Surviving the Debt Crisis
Katie Lopez/KGBT-TV (NBC/Brownsville, TX)
2 December 2011
Craig Miller never thought he would face the challenges he is met with today.
“It has now come down to, do I eat today or do I pay a creditor?
” Legally blind and unemployed—Miller found his debt increasing as he struggled with this decision.
"Just being unemployed and not getting a job quick enough just escalated the debt...to where you just couldn't keep up anymore," Miller explained.
With nowhere to turn, Miller said he continued to endure the dozens of harassing phone calls from debt collectors day in and day out.
"You have no self worth anymore,” Miller told Action 4 News. “It's really disheartening to deal with it on a seven day basis because they do it on Saturday and Sundays too."
Unfortunately, Miller’s reality is the same for many Americans.

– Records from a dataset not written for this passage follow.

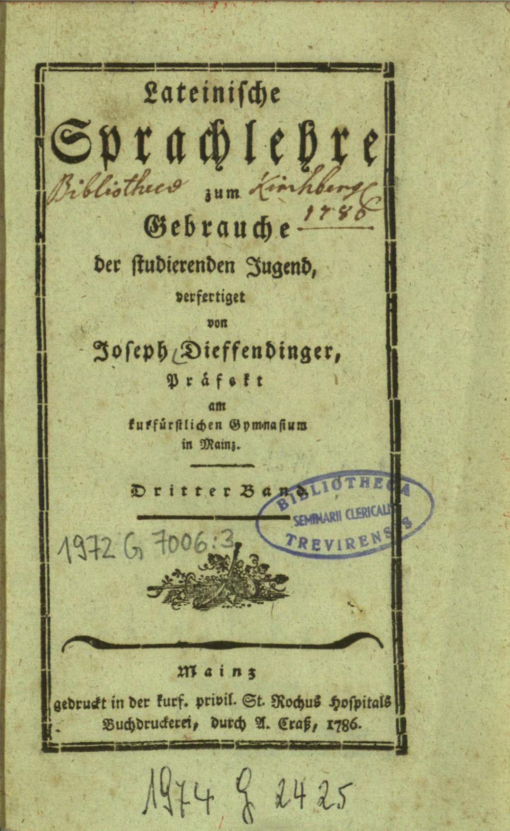 Lateinische Sprachlehre zum Gebrauche der studierenden Jugend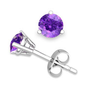 Amethyst Stud Earrings in 14k Gold 3 Prong Martini Studs, 6mm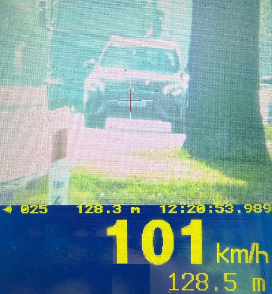 Kierowca Mercedesa GLB został zatrzymany w Strzelnie po przekroczeniu prędkości do 101 km/h. 29-letni mieszkaniec Warszawy otrzymał 1500 zł mandatu, 13 punktów karnych i stracił prawo jazdy na 3 miesiące.

With the unemployment rate still high and mounting debt growing---many believe there is no way to avoid the debt collectors harassing phone calls.
In the state of Texas, however, there is a way.

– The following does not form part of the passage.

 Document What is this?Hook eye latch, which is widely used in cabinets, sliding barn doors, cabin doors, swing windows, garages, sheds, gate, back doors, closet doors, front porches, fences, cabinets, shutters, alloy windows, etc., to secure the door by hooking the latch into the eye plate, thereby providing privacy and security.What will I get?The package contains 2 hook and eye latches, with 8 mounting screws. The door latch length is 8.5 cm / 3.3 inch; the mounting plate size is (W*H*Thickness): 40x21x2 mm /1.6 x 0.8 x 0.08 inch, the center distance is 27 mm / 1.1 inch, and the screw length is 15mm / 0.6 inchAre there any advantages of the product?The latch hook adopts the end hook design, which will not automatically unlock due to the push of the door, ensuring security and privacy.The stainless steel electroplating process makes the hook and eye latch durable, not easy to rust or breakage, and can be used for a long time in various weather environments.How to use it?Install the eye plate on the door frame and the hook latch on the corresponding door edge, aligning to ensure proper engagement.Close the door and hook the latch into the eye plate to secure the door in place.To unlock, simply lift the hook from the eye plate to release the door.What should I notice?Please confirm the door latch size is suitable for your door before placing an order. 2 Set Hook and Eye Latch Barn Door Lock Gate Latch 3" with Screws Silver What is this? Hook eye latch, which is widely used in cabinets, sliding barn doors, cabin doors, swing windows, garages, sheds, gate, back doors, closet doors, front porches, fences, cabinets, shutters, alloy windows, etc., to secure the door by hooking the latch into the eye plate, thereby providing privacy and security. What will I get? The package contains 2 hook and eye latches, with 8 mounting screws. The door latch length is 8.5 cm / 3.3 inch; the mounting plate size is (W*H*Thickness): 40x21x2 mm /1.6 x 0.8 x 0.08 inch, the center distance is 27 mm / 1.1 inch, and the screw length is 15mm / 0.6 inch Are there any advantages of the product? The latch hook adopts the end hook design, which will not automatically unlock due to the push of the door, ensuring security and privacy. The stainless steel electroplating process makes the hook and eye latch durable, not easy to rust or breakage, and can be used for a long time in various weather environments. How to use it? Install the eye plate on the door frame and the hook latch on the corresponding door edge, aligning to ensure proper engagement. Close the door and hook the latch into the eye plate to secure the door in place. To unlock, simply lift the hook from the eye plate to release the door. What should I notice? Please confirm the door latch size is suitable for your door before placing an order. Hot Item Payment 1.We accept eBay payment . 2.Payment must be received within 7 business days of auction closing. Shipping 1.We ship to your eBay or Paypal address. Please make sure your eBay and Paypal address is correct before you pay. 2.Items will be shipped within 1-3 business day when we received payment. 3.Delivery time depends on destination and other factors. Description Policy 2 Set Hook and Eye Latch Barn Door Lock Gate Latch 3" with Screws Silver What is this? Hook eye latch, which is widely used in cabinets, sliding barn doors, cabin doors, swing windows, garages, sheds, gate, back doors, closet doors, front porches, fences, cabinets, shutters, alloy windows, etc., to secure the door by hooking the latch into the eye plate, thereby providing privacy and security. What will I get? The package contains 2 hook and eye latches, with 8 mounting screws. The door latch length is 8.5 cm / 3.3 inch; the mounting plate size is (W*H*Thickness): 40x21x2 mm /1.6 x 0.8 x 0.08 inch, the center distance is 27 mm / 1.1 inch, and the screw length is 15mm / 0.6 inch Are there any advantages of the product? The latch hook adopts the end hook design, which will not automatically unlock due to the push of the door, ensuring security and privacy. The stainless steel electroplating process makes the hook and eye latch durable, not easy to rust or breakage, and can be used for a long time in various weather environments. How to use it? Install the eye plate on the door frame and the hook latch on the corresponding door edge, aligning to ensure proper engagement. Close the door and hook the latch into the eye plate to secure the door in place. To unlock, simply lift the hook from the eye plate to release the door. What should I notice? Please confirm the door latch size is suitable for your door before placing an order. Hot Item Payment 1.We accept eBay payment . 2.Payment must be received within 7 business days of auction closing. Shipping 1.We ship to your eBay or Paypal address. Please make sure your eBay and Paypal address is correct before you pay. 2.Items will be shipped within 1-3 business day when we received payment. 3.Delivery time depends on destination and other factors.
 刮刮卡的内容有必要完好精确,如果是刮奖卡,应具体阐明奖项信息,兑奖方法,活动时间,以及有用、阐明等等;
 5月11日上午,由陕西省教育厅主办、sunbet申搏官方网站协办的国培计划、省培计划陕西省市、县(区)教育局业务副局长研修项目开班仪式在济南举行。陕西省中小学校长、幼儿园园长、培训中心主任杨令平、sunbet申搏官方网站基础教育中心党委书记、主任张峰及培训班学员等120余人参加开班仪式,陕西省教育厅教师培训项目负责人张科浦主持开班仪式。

"They can't harass you, abuse you, or use foul language,” Marla Lutz, with GreenPath Debt Solutions, explained. “If they do you can file a complaint against them with the Federal Trade Commission."
The reason debt collectors harass people, Lutz said, is because they do not know their rights.

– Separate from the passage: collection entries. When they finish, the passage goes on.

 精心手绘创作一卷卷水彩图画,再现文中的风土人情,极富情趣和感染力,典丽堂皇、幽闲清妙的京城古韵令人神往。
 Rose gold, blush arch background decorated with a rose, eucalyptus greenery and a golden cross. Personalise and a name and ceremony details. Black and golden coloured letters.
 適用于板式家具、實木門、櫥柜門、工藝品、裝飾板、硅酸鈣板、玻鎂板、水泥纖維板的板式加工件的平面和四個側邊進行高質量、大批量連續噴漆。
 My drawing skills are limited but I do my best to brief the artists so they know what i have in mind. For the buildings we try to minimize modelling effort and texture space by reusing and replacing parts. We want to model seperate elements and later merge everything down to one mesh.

"There's a law that states if you write them a letter and ask them to stop calling you they have to stop calling you," Lutz said.
She said there are simple do’s and don’ts when dealing with debt collectors. Lutz said the most important thing a person needs to do is find out what their rights are and if they get those harassing phone calls—simply write a letter to the creditor and tell them to stop.
She added, when a person works out an agreement with a credit agency they need to make sure and get it in writing.
Lutz said a person should never ignore a creditor, give out their bank account number, or give a post dated check.
She said, if you live in Texas and your debt is more than four years old…."If it's over four years old they can no longer collect on the debt. You can always write them a letter stating that.
“But adds, while they can longer collect on the debt it does stay on the a person’s credit report for seven years.